Regarding the time my car had stopped on me at a stop sign, it was in a non-busy residential area not too far from the house. (Fortunately, I didn’t take it on the highway like I’d thought about doing.) I didn’t have my phone with me so I ran back home to tell Mom what happened, and she drove the other car around (when we still had it). When I wasn’t sure how to attach the booster cables (before learning how to do it myself and getting over the anxiety of possibly causing a feckin’ explosion), Mom asked for help from someone (to my dismay…) who happened to be walking by, and they attached the cables between the two cars and directed us on what to do. Then I drove my car home (and went to my bedroom feeling like some damsel in distress—feeling helpless and lacking in self-sufficiency). So that was with Mom around with another car and on a quiet road. Here, I’m on my own in a busy area, so it could be even worse should something like that occur.

I get to willingly live without a car—something that it seems so many people wouldn’t even imagine doing here. Perhaps with selling my car, I’ve bought myself more peace of mind.

Even though right now the sunk cost fallacy is still weighing on my mind (Mom poured money into it. I put money into it. I could have kept it until I couldn’t drive it anymore. I could have tried to get more money for it.), I’ll perhaps get over this like I did with the video games and game console. That along with other things I ended up parting with. Thinking about it, I feel that parting with things has simplified my life—less stress about having certain items and trying to bring them along with me.

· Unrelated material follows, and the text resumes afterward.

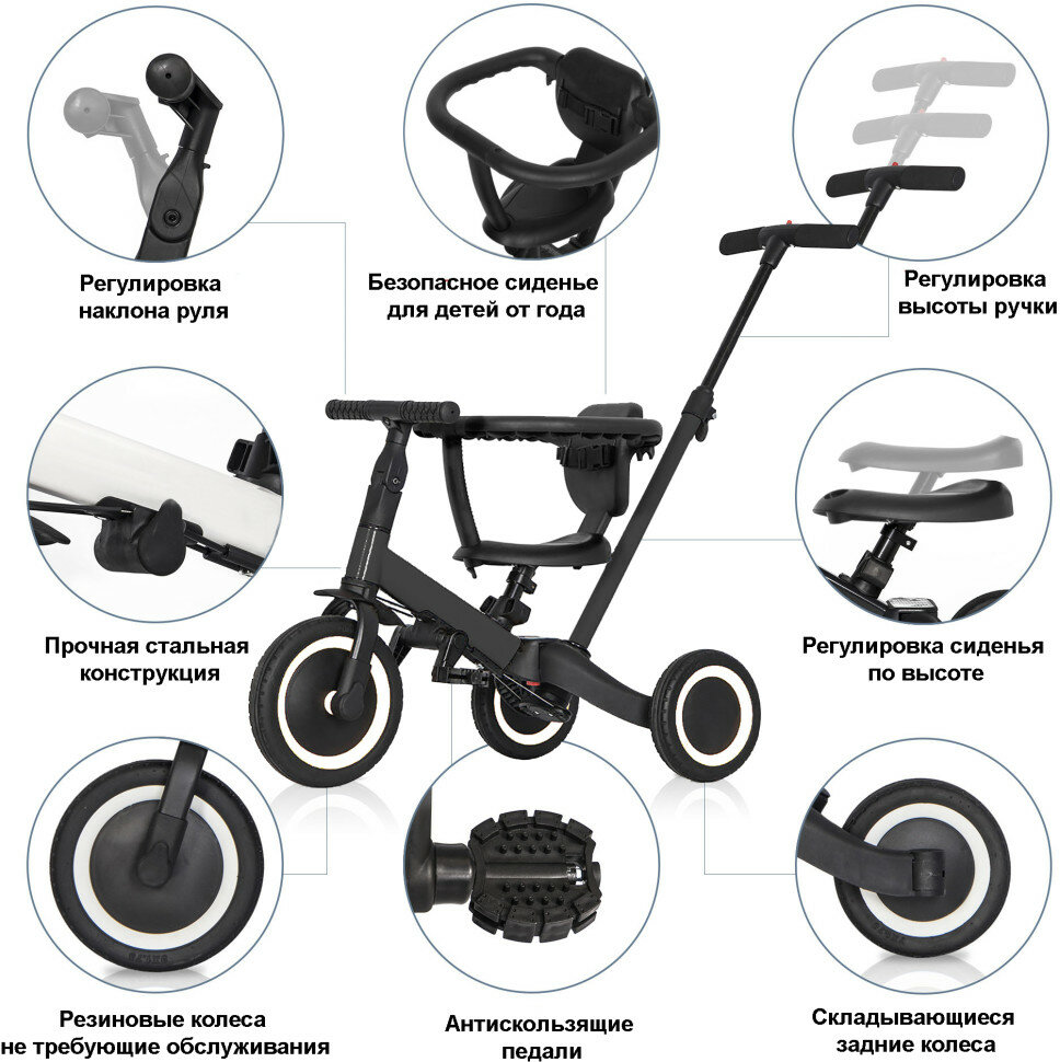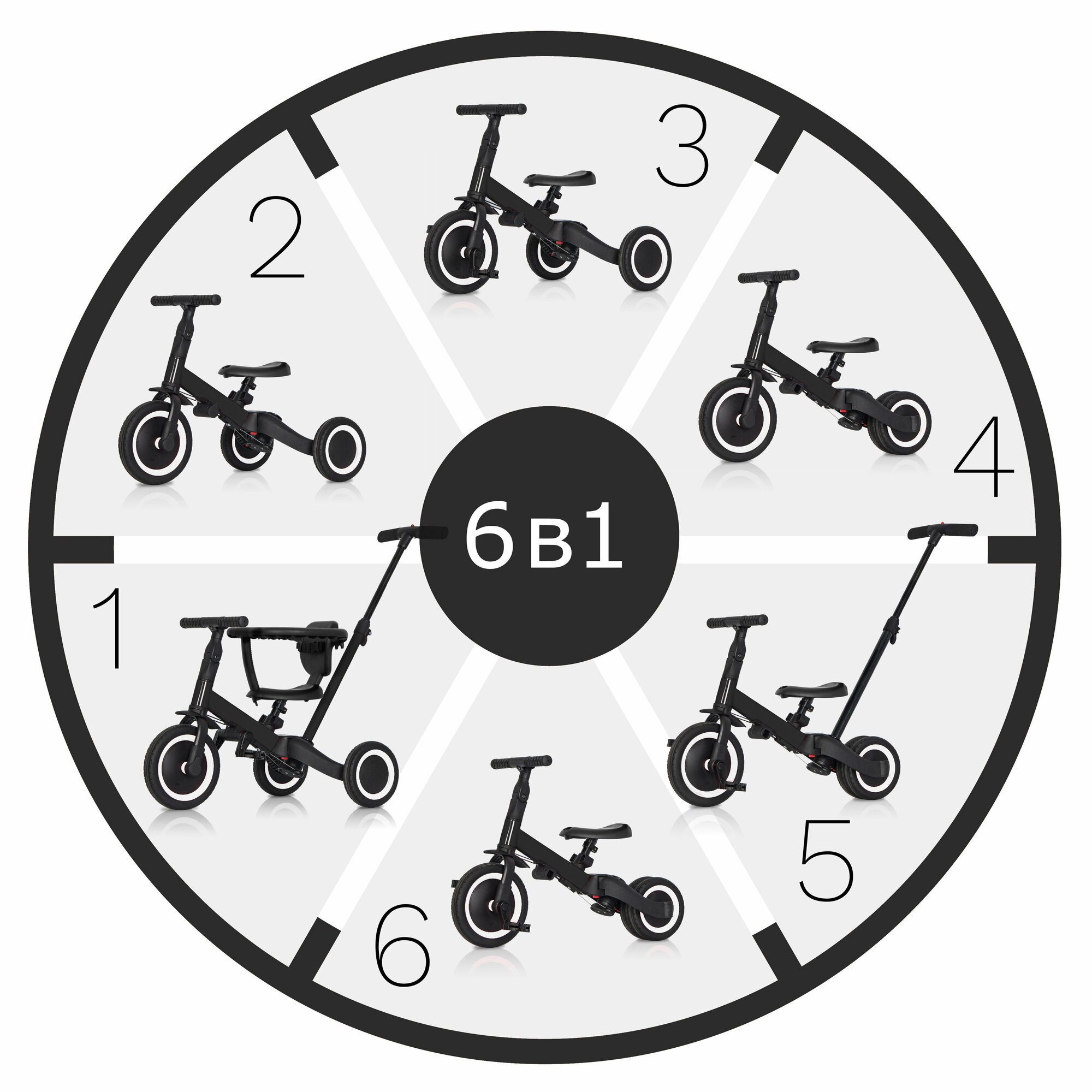 Купить Детский беговел-велосипед 6в1 с родительской ручкой, черный - TR008-BLACK (TR008-BLACK)

I appreciate that my parents invested in the car. At the same time, I want to remind myself that I am not throwing that appreciation away by having sold my car. I don’t think that I’ve sold out or betrayed my parents. Perhaps if they knew of my situation they would be understanding. As well, my parents weren’t the car, and parting with the car is not parting with them. I also haven’t parted with the memories. Finally, I can give myself credit for getting this far—both mentally and geographically. Perhaps I’ve found myself somewhere with a better political climate (a reason that I’d rather not go back to where I moved from), a place where I can feel more free to be myself. And now maybe I can feel less ready to zoom out of here given I’ve parted with my car and the woes that come with having a car here.

Maybe I’ll find myself facing some issues with not having a car, but there’ll probably be solutions, just as there were solutions for the problems I was having with keeping a car. In the meantime, I can enjoy the elimination of the stress and anxiety of dealing with car issues.